Every project team had a motto. The team ‘Aamra Pari’ chose women's skill development. They worked with 85 families and facilitated skill development training to 10 women. Their training included teaching women how to make different items from bamboo. Their motto was quite simple- “The only way women would be interested in day to day aspects like health and hygiene is if they are given the opportunity to earn for themselves first”. They wanted to uplift these women in such a way so that they learned something that would stay with them long after the training was over. They were very successful in doing so too. Although the formal project is over, the team has promised to stay in touch and work together in future as well. Team ‘Aunirbaan’ worked on water refinement and disinfection in the area. They had come to this decision when they discovered that in the past month, three children had died from waterborne diseases. They had worked with approximately 60 families and distributed water filters to four families who needed it the most. Their interventions turned out to be a success; they had effectively managed to teach the importance of water purification to the people in their area.
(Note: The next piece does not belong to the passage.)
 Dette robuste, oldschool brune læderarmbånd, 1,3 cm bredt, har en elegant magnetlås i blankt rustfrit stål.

Team ‘Durnibaar’ worked on health. There was a crying need for solutions to a myriad of health related problems. More importantly, out of 300 families they worked with, barely 10 were aware of the existence of anti-worm medicines or oral saline. Some of them even claimed to have visited a doctor, paying a hefty fee, who prescribed medicines that did not work. Hence, the necessity of a medical intervention was palpable. They had organised health camps for approximately 300 families and awareness camps for the same. Their project turned out to be a success - people actually came up to them and appreciated for what they did. Not only that, they believed that to improve their lives for real, they would have to bring about changes in themselves - something they were taught during their awareness classes. Hence the solutions were not only technical, but also, and more importantly adaptive in nature.

Team ‘Kandaari’ worked on cleanliness and hygiene. Kandaari observed that one of the chief problems in the slum area was the lack of appropriate garbage disposal. These problems not only caused a constant odour in the surroundings, but also led to mosquito infestation in the area, leading to many deadly diseases such as Dengue fever and Malaria. After meticulous survey, they realised that such improper garbage disposal is also the reason behind severe flooding in such areas. The team organised a myriad of awareness campaigns teaching people the magnitude of proper hygiene. Their efforts did not end there. They also built a full size brick dustbin outside their area for people to dispose their garbage, receiving much praise from the locals.
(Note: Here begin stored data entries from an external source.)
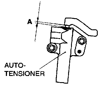 5. Turn the crankshaft two revolutions clockwise so that the timing marks are aligned. After leaving it for 15 minutes, measure the amount of protrusion of the auto-tensioner.
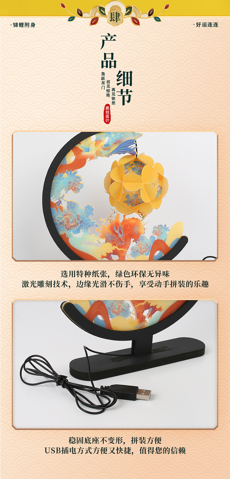 자금성 기념품, 중국풍 수제 DIY 침대 옆 장식품, 데코레이션 테이블 램프, 종이 조각 램프, 야간 조명, 중국풍 디자인스토어 가기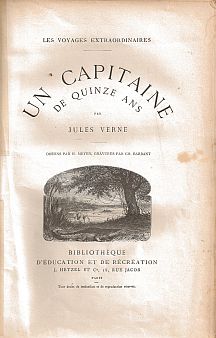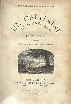Portrait collé"Au Globe doré ![]() VE 17 "Un Capitaine de Quinze Ans". J. Hetzel et Cie, 18, Rue Jacob, Paris.(1898-99). Illustrationer af H. Meyer og 6 farveillustrationer. 376

Team ‘Obhijaatri’ decided to work in the field of sanitation after observing that there was only one toilet for over 25 people. Additionally, the sanitary condition of the existing toilets was tremendously poor. For their pilot project, they raised awareness on sanitary issues such as using soap and keeping hands clean. Ranging from fund raising to soliciting authoritative permission, Obhijaatri worked extremely hard to make homes healthier and cleaner. During the three-month long project, they decided on building latrines for their area.

Obinoshshor felt the value of adult education during their survey when they realised how adult illiteracy is the nucleus of many social issues. They chose to work on adult literacy and moral education. Awareness classes were at the core of their project, and they organised numerous ones. The group has successfully received community support and together they have made significant progress during the past three months.
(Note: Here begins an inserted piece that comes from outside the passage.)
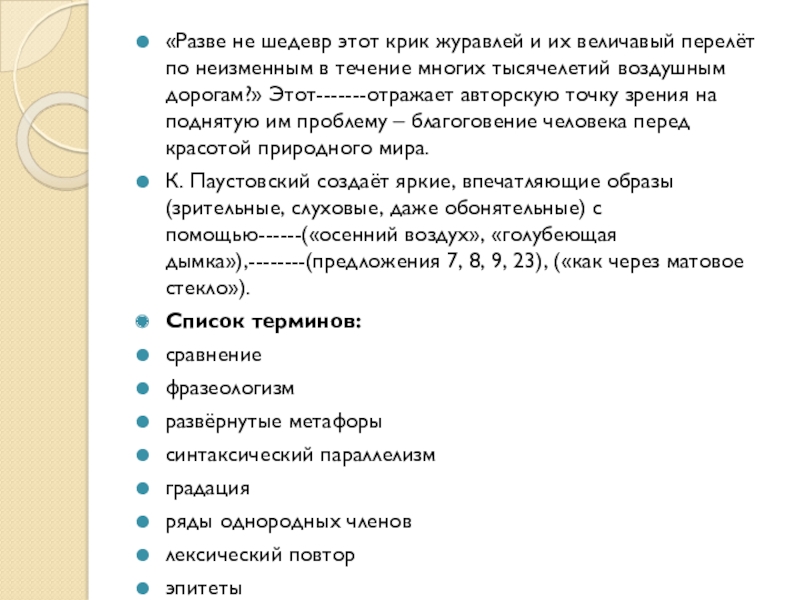 Слайд 10«Разве не шедевр этот крик журавлей и их величавый перелёт по

With quivering steps we had started, having no inkling as to what impediments we might have to encounter. Now as we look back to the three months, we begin to realise that we have changed the lives of hundreds. While at the training, we were taught how it takes only one to lead social change. We believe in that even strongly now. The training helped us know that there is a part in all of us willing to do good for the people, and community service brings out that side in us. When people came up to us and said “You have done more for us than anyone else ever did”, we knew that it was gratitude towards BYLC. It was a moment of pure success.